__DATA IN THIS EXERCISE__
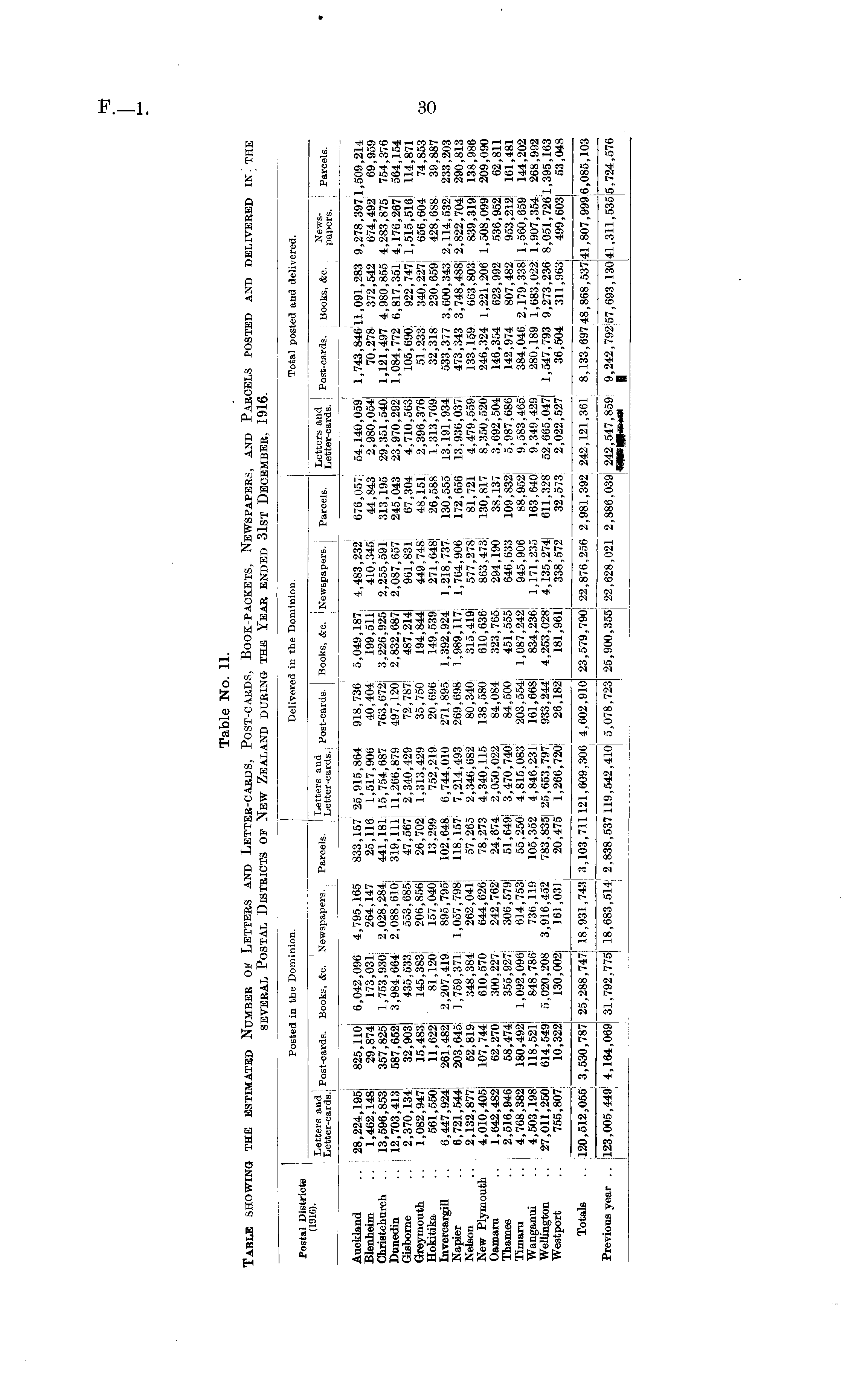 Table No. 11. Table showing the estimated Number of Letters and Letter-cards, Post-cards, Book-packets, Newspapers, and Parcels posted and delivered in the several Postal Districts of New Zealand during the Year ended 31st December, 1916.
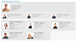 Узел "ОргСтруктура" отображает организационную структуру компании. Главная страница отображает руководителя компании, его непосредственных подчинённых и руководителей подразделений компании.
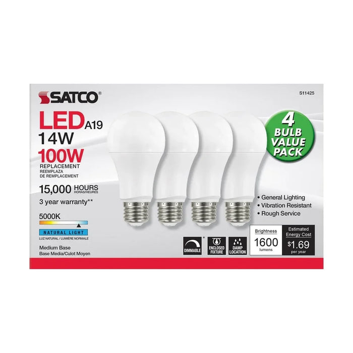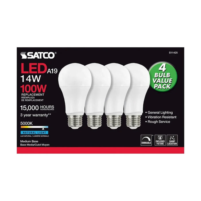 Satco's 14-watt LED lamp is traditional, yet contemporary with its sleek finish and energy saving LED technology. Elegantly illuminate any room in the house with this 4 pack of dimmable white bulbs. Sophisticated and modern, this lamp delivers 15,000 hours of natural white light.
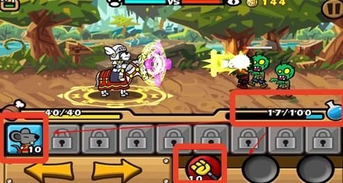 3、蓝色能量瓶可以召唤动物佣兵和魔法攻击。
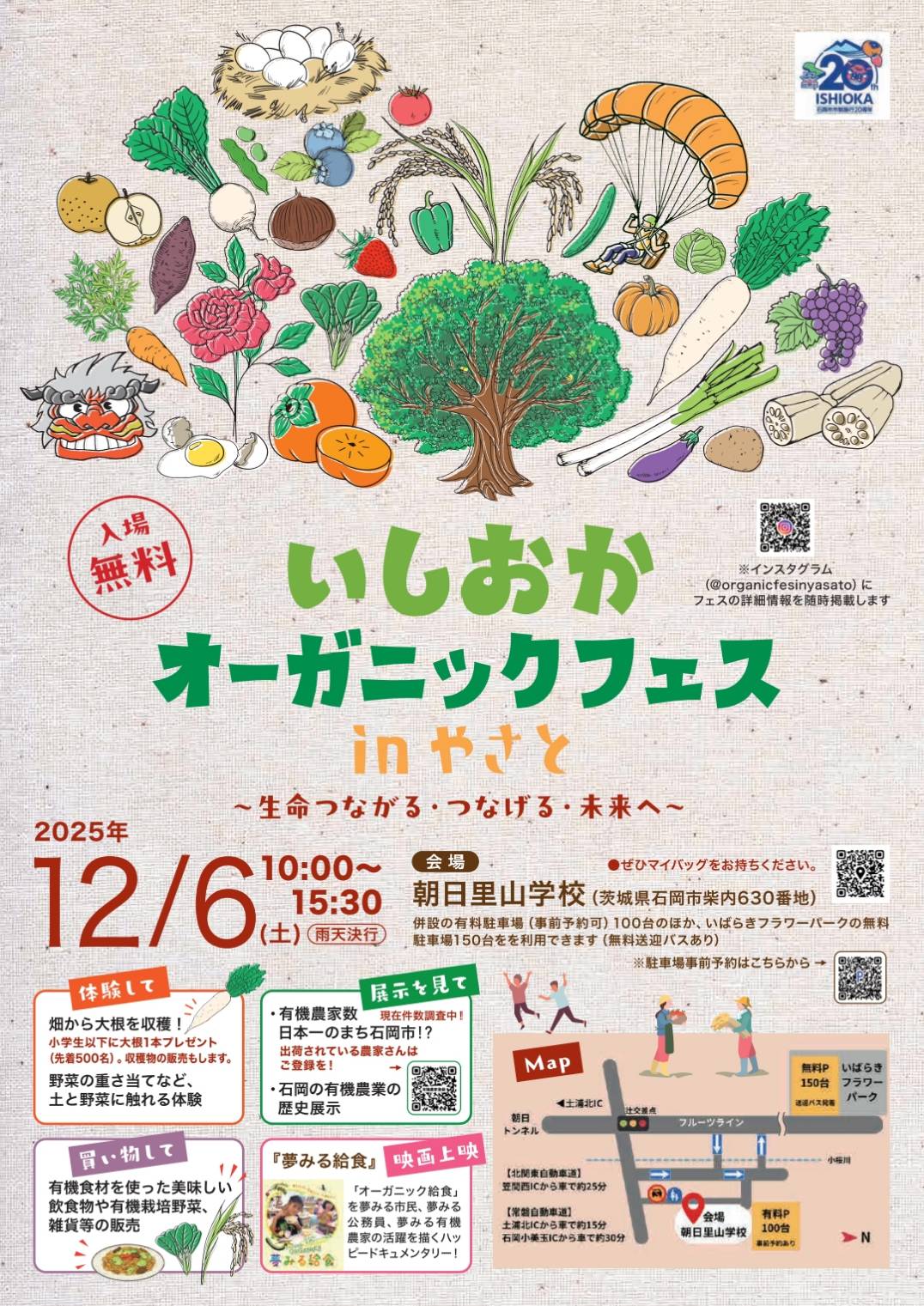 「いしおかオーガニックフェス in やさと」は、2025年3月に石岡市がオーガニックビレッジ宣言を行ったこともあり、この地をもっと知ってもらいたいと集まった有志で開催する手作りのフェスです。
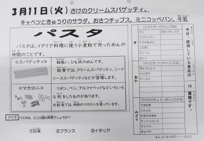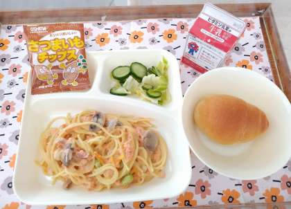 3/11今日の給食は「さけのクリームスパゲッティ、キャベツときゅうりのサラダ、おさつチップス、ミニコッペパン、牛乳」です。
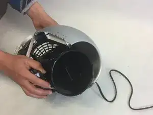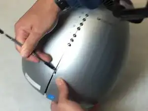 Вставьте плоский инструмент под небольшим углом влево от сетевого шнура. Нажмите на защёлку и раздвиньте две половины корпуса.
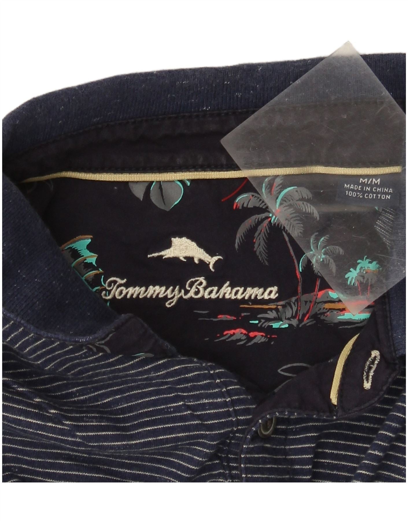 Tommy Bahama Mens Polo Shirt Medium Navy Blue Pinstripe Cotton
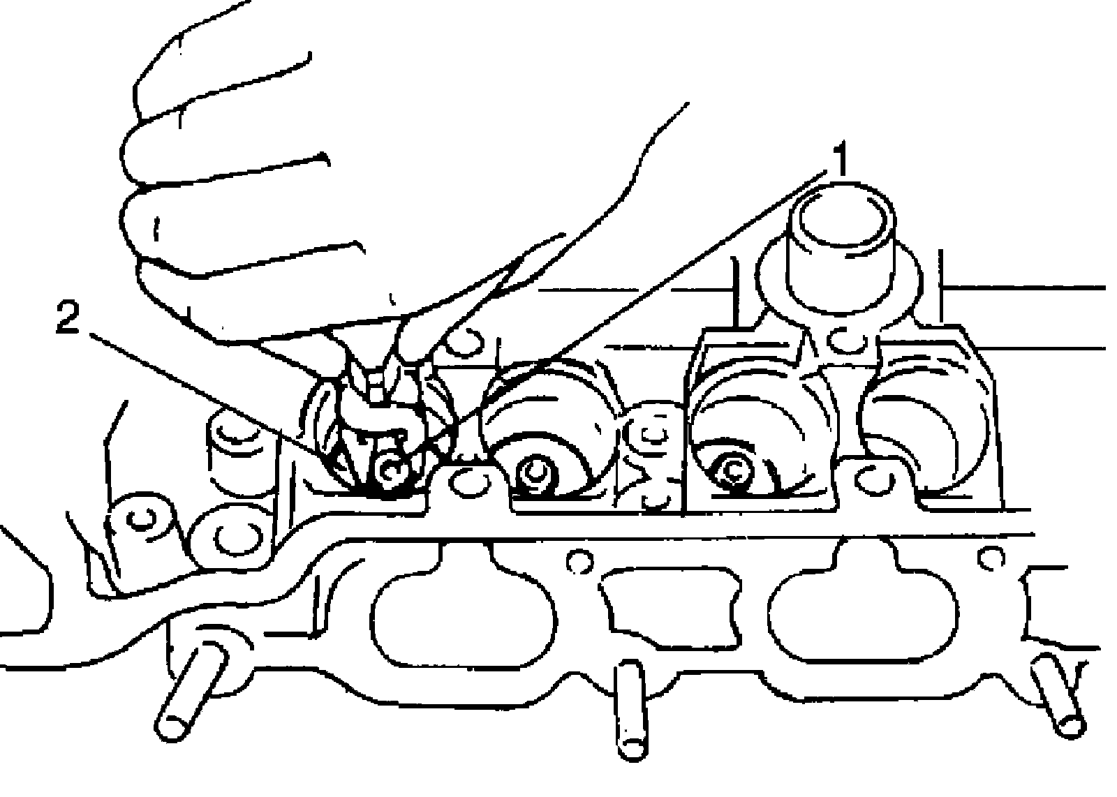 4. Remove valve stem seal (1) from valve guide, and then valve spring seat (2).

__WHAT YOU NEED TO DO__
The expected result is the material restated word for word, minus any picture.

__SOLUTION TO THIS EXERCISE__
 Table No. 11. Table showing the estimated Number of Letters and Letter-cards, Post-cards, Book-packets, Newspapers, and Parcels posted and delivered in the several Postal Districts of New Zealand during the Year ended 31st December, 1916.
 Узел "ОргСтруктура" отображает организационную структуру компании. Главная страница отображает руководителя компании, его непосредственных подчинённых и руководителей подразделений компании.
 Satco's 14-watt LED lamp is traditional, yet contemporary with its sleek finish and energy saving LED technology. Elegantly illuminate any room in the house with this 4 pack of dimmable white bulbs. Sophisticated and modern, this lamp delivers 15,000 hours of natural white light.
 3、蓝色能量瓶可以召唤动物佣兵和魔法攻击。
 「いしおかオーガニックフェス in やさと」は、2025年3月に石岡市がオーガニックビレッジ宣言を行ったこともあり、この地をもっと知ってもらいたいと集まった有志で開催する手作りのフェスです。
 3/11今日の給食は「さけのクリームスパゲッティ、キャベツときゅうりのサラダ、おさつチップス、ミニコッペパン、牛乳」です。
 Вставьте плоский инструмент под небольшим углом влево от сетевого шнура. Нажмите на защёлку и раздвиньте две половины корпуса.
 Tommy Bahama Mens Polo Shirt Medium Navy Blue Pinstripe Cotton
 4. Remove valve stem seal (1) from valve guide, and then valve spring seat (2).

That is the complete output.